The Mufti of Tirana offered Kraja the post of Mufti of Durrës and the directorship of the magazine Zani i Naltë, but Kraja rejected the promotion, believing he was doing the most good where he was. In 1934, Kraja published the pamphlet "A duhet feja. A e pengon bashkimin kombtar?” (“Religion matters. Does it hinder national unity?”) with the local publishing house Ora e Shkodrës, considering the impact of recent changes to Albanian society.

When the parish of Shkodër decided to send its envoy to the Italian Parliament for the coronation of Victor Emmanuel III, Kraja did not attend. He was interned with his father and two brothers by the Italian army at Porto Palermo Castle in 1943. That September, after the Italian surrender, he addressed the faithful at Fushë Çela with the sermon, “Ç’ёshtё komunizmi dhe pasojat e tij pёr popullin shqiptar” (“What is communism and what does it mean for the Albanian people”).
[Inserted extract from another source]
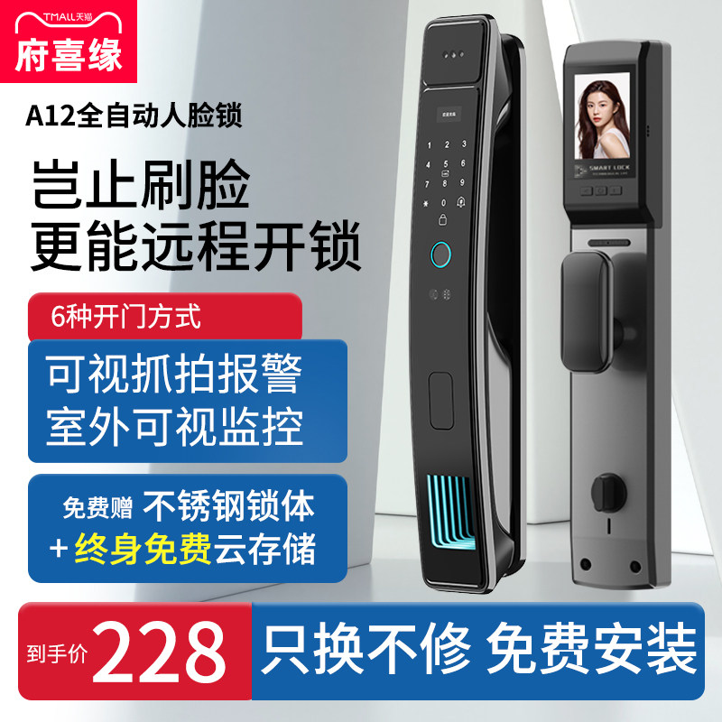 指纹锁密码锁家用智能门锁智能锁电子锁人脸识别公寓入户门全自动

As the partisans approached the Drin, Kraja brokered a truce between Sulçe Bushati and his rival Gjon Markagjoni and the Shkodër National Committee to fight off the ultimately successful communist takeover. He took advantage of an amnesty offer to avoid an initial death sentence, pleading it down by decision no. 213 on June 8, 1947, to 25 years of imprisonment, from whence he was released early after 18 years on October 12, 1965. His library was looted that year, and he stayed on self-imposed house arrest until his death in 1974.

==Family persecution==
After his arrest, his family’s property was confiscated, and Zenepja and their children grew up in grave privation.